India Claims New Law Violates WTO Agreements

As I discussed last week, the $600 million that congress wasted on additional Border Security was paid for entirely by raising visa fees on companies(primarily India-based) whose main purpose is importing cheap labor using H1-b and L-1 visas.   India is not taking this lying down.  They are claiming that it violates our WTO treaties.

India’s Commerce Secretary Rahul Khullar told reporters in Delhi on Tuesday that the visa fee hike is incompatible with the WTO.

Nasscom’s president Som Mittal warned on Monday in an interview that the hike in visa fees could lead to a trade spat, and could also affect U.S. companies that are negotiating access to Indian markets.

The WTO is an organization of several countries dedicated to free and open trade.  Joining the WTO requires not just agreeing to 1 agreement, but almost 60.

The WTO oversees about 60 different agreements which have the status of international legal texts. Member countries must sign and ratify all WTO agreements on accession. A discussion of some of the most important agreements follows. The Agreement on Agriculture came into effect with the establishment of the WTO at the beginning of 1995. The AoA has three central concepts, or “pillars”: domestic support, market access and export subsidies. The General Agreement on Trade in Services was created to extend the multilateral trading system to service sector, in the same way the General Agreement on Tariffs and Trade (GATT) provides such a system for merchandise trade. The Agreement entered into force in January 1995. The Agreement on Trade-Related Aspects of Intellectual Property Rights sets down minimum standards for many forms of intellectual property (IP) regulation. It was negotiated at the end of the Uruguay Round of the General Agreement on Tariffs and Trade (GATT) in 1994.
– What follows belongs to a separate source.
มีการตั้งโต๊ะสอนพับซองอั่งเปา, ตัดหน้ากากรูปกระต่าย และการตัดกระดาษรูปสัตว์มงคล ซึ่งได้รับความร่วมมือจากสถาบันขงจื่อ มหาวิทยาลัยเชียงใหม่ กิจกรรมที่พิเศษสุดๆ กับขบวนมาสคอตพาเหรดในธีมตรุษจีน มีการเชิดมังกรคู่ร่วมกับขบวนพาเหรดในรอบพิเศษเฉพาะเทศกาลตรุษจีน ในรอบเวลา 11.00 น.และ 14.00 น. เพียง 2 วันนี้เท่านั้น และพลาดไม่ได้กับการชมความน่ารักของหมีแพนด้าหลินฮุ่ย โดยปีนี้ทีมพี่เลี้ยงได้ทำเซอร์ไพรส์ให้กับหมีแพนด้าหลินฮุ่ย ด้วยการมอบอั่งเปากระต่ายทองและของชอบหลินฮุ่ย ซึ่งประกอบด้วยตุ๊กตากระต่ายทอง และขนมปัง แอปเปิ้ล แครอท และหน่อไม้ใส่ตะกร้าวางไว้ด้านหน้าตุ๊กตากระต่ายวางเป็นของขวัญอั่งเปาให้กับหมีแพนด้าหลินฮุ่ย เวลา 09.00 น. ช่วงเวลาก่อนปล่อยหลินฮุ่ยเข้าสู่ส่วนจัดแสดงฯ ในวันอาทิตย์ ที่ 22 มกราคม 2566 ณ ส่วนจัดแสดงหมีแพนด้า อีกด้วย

The Indian government is claiming that the visa fees unfairly target foreign companies.  The specific agreement that it claims is being violated, according to The Hindu Business Line,  is Article VI of the General Agreement on Trade in Services(GATS).

They said Article VI of the WTO’s General Agreement on Trade in Services specifies that domestic regulations of all countries should be administered in a reasonable, objective and impartial manner. The sources said domestic regulations also should not be more burdensome than necessary to ensure the quality of the service, adding that they should also not cause restriction on the supply of the service.
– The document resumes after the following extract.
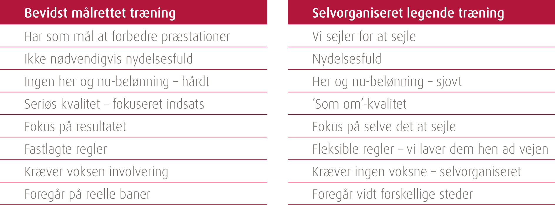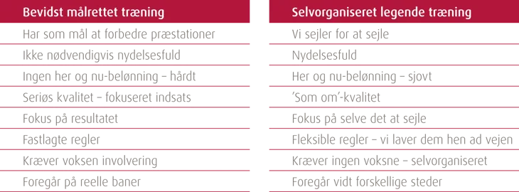 Jean Coté har blandt andet undersøgt udøvere inden for teknisk komplekse idrætter, og han når frem til, at mange timers træning ikke i sig selv er afgørende for, om et talent når et eliteniveau eller ej. Til gengæld konstaterer han, at der er store forskelle i, hvordan udøverne engagerer sig ved siden af den målrettede og trænerstyrede træning. Det viser sig, at eliteudøverne gennem hele forløbet har dyrket en større andel af ”deliberate play” – et begreb, der kan oversættes til ”selvorganiseret legende træning”. Det er træning, som børn og unge selv står for, og hvor de organiserer reglerne på en måde, så legen og glæden er maksimeret. I sejlsport kan det fx være et træningspas, hvor en gruppe sejlere tager ud på egen hånd og laver baner med de ting, der nu en gang er til rådighed – fx et par bøjer og en båd, der ligger for svaj.

Here is Article VI of the GATS:

 

1.        In sectors where specific commitments are undertaken, each Member shall ensure that all measures of general application affecting trade in services are administered in a reasonable, objective and impartial manner.

2.        (a)        Each Member shall maintain or institute as soon as practicable judicial, arbitral or administrative tribunals or procedures which provide, at the request of an affected service supplier, for the prompt review of, and where justified, appropriate remedies for, administrative decisions affecting trade in services. Where such procedures are not independent of the agency entrusted with the administrative decision concerned, the Member shall ensure that the procedures in fact provide for an objective and impartial review.

(b)        The provisions of subparagraph (a) shall not be construed to require a Member to institute such tribunals or procedures where this would be inconsistent with its constitutional structure or the nature of its legal system.

3.        Where authorization is required for the supply of a service on which a specific commitment has been made, the competent authorities of a Member shall, within a reasonable period of time after the submission of an application considered complete under domestic laws and regulations, inform the applicant of the decision concerning the application. At the request of the applicant, the competent authorities of the Member shall provide, without undue delay, information concerning the status of the application.

4.        With a view to ensuring that measures relating to qualification requirements and procedures, technical standards and licensing requirements do not constitute unnecessary barriers to trade in services, the Council for Trade in Services shall, through appropriate bodies it may establish, develop any necessary disciplines. Such disciplines shall aim to ensure that such requirements are, inter alia:

(a)        based on objective and transparent criteria, such as competence and the ability to supply the service;

(b)        not more burdensome than necessary to ensure the quality of the service;

(c)        in the case of licensing procedures, not in themselves a restriction on the supply of the service.

5.        (a)         In sectors in which a Member has undertaken specific commitments, pending the entry into force of disciplines developed in these sectors pursuant to paragraph 4, the Member shall not apply licensing and qualification requirements and technical standards that nullify or impair such specific commitments in a manner which:

(i)        does not comply with the criteria outlined in subparagraphs 4(a), (b) or (c); and

(ii)        could not reasonably have been expected of that Member at the time the specific commitments in those sectors were made.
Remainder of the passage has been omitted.